With the United States, Germany, UK, Japan and other EU countries like Denmark and Sweden amongst OCHA's main funders, Oxfam's Kwakkenbos said the war in Ukraine had led to several European countries shifting their budgets.

"Some European countries have been re-allocating budgets from other humanitarian aid projects and redirecting them towards Ukraine." 

Yet underfunding these other crises further afield "can lead to more instability, which in the end might even require more funds, a larger response and more investments in refugee hosting," Bram Frouws, the head of the Mixed Migration Center, told DW. "And part of that bill will be for international donors too," he warned.

However, at a press conference in Geneva last month, Jutta Urpilainen, the EU's commissioner for international partnerships, insisted "that we have not forgotten the rest of the world."

What factors influence aid budgets?

While most countries usually set their aid budgets at the beginning of the year, competing interests will then affect these budgets over time. 

"You have existing international commitments, such as the 0.7 commitments where most of the rich countries in the world said they would donate 0.7% of their Gross National Income (GNI) to development cooperation," Kwakkenbos explained.

"Countries should be aware of the serious consequences of their inaction in Somalia.

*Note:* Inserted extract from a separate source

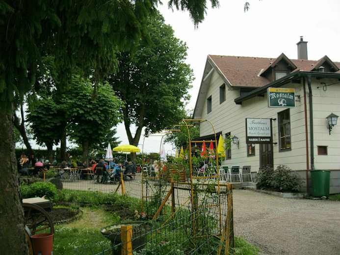 Das Bergrestaurant Sophienalpe bietet sich als erste Einkehrmöglichkeit an: Das Gebäude stammt aus der Zeit der vorletzten Jahrhundertwende. Wer dem Titel dieser Mountainbiketour aber wirklich gerecht werden will, spart sich seinen Appetit bis zur Mostalm auf. Der geschotterte Weg dorthin zweigt vom Parkplatz der Sophienalpe in Richtung Südwesten ab und führt entlang weitläufiger (Alm-)Wiesen und durch ein kurzes Waldstück direkt auf die Mostalm.

We have been engaging donors and strengthening our advocacy efforts to mobilize necessary resources to save lives," the UN's Abdelmoula added. "We hope that partners will respond to our call and provide support to break the cycle of chronic disasters in the country, while addressing immediate humanitarian needs."

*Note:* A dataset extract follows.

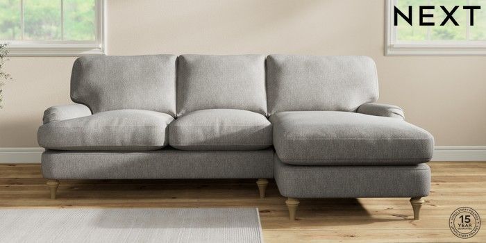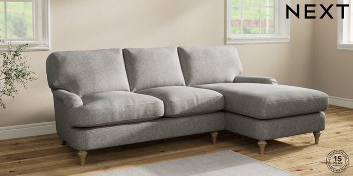 7.2.10 Sadie Deep Relaxed Sit Medium Sofa Chaise - Right Hand Tweedy Chenille Mid Grey High Slim Turned - Light | Made Click here to use our website with more accessibility support, for example screen readers

Where exactly the aid budget will go is however affected by multiple factors. Some western countries have ties with former colonies for instance. Then, there are foreign policy interests. And eventually, there are the actual needs in different crisis regions.

In the end, a coherent development policy has to bring all of those different factors in line to decide which crises to help and how. 

"Media narratives also dictate how the world reacts to crises," Kwakkenbos explained. "They can in fact drown out the urgency and importance of crises which are further away from a reader or viewer's home."

Currently, the global media focus is very much on Russia's invasion of Ukraine and we've seen funding campaigns backed by actors or celebrities to raise money. Even private citizens around the world have been launching their own donation drives to support Ukraine.

Other parts of the world also in dire need of international aid but do not get this kind of attention. 

Watch video 06:51

Hunger in Yemen

So what can be done?

Finding solutions for crises that lack the attention that Ukraine is currently getting is difficult. Earlier this year, at a summit between the EU and the African Union, Brussels stressed that funding humanitarian needs in Africa was a priority. 

"The war in Ukraine has changed this," Kwakkenbos said. 

He's also suspicious of the EU's ambition to shift from the concept of development aid to one of a more equal partnership between rich Western donor countries and poorer countries that need help.

"This is nonsense. As long as you have one side with the cash and the other side asking for the cash, there will always be an unequal partnership between countries." But he agrees that in principle, "a shift from charity to a notion of justice" would be an important step. But what this can realistically look like is difficult to say.

When it comes to the immediate outlook for the coming months, Bram Frouws simply urges NGOs not to shift staff and resources all too quickly to Ukraine, pulling them out of other regions that simply don't get enough international attention.

"Relocating staff might be a good thing to temporarily boost the emergency response but agencies should be careful not to take the best staff away from other places where they might be needed."